Tabela: Pontos de Conflito Entre a Anthropic e o Pentágono
| Recurso/Política | Padrão de IA Constitucional da Anthropic | Requisito "Irrestrito" do Pentágono |
|---|---|---|
| Proteções de Segurança | Recusas codificadas para consultas letais/prejudiciais | Remoção de todos os mecanismos de recusa para dados de missão |
| Alinhamento do Modelo | Alinhado a valores humanos amplos e segurança | Alinhado estritamente aos objetivos da missão e cadeia de comando |
| Ambiente de Implantação | Sandbox controlado com monitoramento | Capacidade isolada (air-gapped), mas funcionalmente autônoma |
| Postura de Responsabilidade | O desenvolvedor retém a responsabilidade pela segurança da saída | O governo assume a responsabilidade; exige capacidade bruta |
O resultado deste impasse provavelmente servirá como um divisor de águas para toda a indústria de IA. Concorrentes como OpenAI e Google DeepMind estão observando de perto. Se o Pentágono forçar com sucesso a Anthropic a capitular ou a punir severamente pela recusa, isso estabelece um precedente de que a "Segurança Nacional" se sobrepõe aos compromissos privados de segurança.
Por outro lado, se a Anthropic mantiver sua posição e sobreviver às consequências políticas, isso solidificará o papel dos laboratórios privados como os árbitros finais da segurança da IA, independentemente das demandas estatais. Isso levanta questões complexas sobre soberania e o controle de tecnologias de uso duplo. Em 2026, a IA tornou-se tão crítica quanto a física nuclear foi no século XX; no entanto, ao contrário do Projeto Manhattan, o desenvolvimento permanece amplamente em mãos privadas.

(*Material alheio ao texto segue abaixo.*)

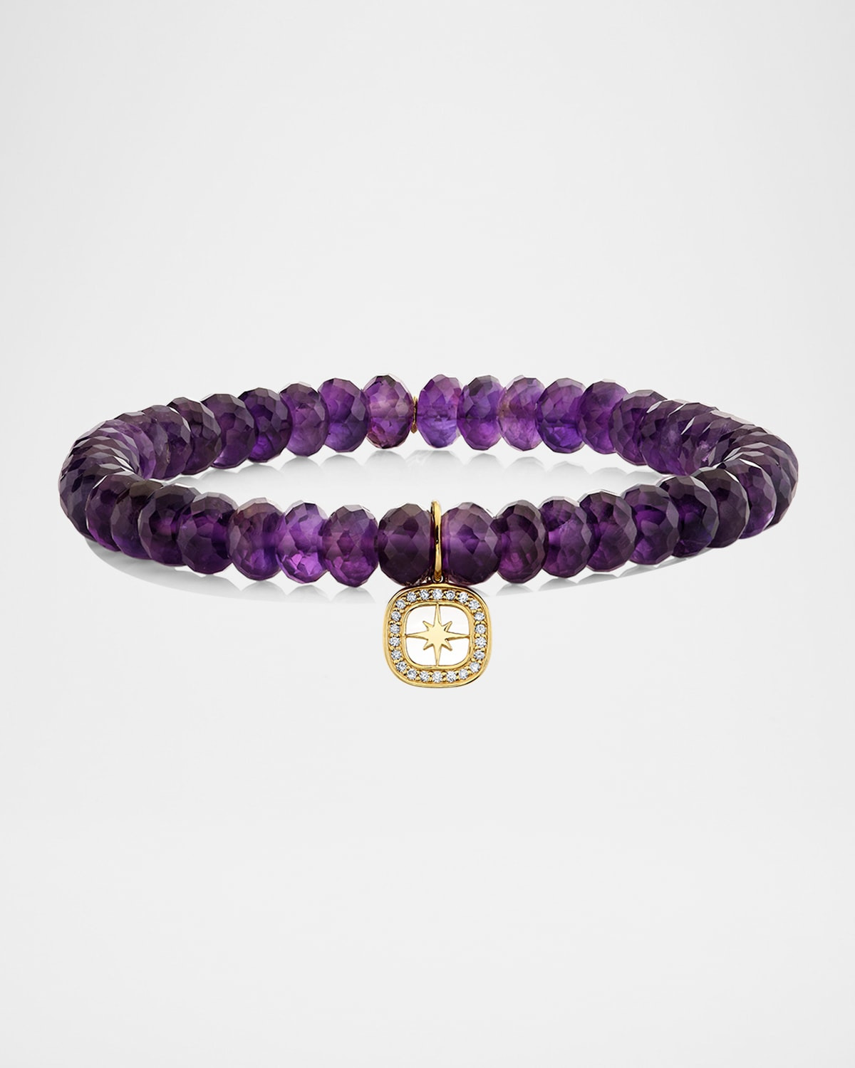 A starburst silhouette gently hangs from this Sydney Evan amethyst bracelet. The startbust silhouette is framed by a diamond halo that adds extra shine to this piece. Polished 14karat yellow gold 22 HI colorless diamonds 0.07 total diamond carat weight Faceted purple amethyst rondelles Stretches to fit Imported

Analistas do setor sugerem que, se o rótulo de "risco na cadeia de suprimentos" for aplicado, a Anthropic poderá ser forçada a se voltar inteiramente para o setor comercial, potencialmente retardando sua velocidade de pesquisa devido à perda de financiamento governamental lucrativo. Alternativamente, isso poderia desencadear uma batalha judicial chegando à Suprema Corte em relação ao poder do governo de obrigar o discurso (geração de código) de entidades privadas.
À medida que o prazo de sexta-feira se aproxima, o silêncio reina na sede da Anthropic em San Francisco. A recusa está na mesa, e a bola agora está com o Pentágono.
Para os leitores da Creati.ai, este evento ressalta o atrito entre os ideais teóricos da segurança da IA e as realidades brutais da competição geopolítica. Se o Claude continuará sendo um assistente "Útil, Honesto e Inofensivo (Helpful, Honest, and Harmless)" ou se tornará uma ferramenta armada do Estado, provavelmente será decidido nos próximos dias. A decisão tomada em 27 de fevereiro de 2026 não afetará apenas o lucro de uma única empresa, mas definirá os limites éticos da implantação militar de IA para a próxima década.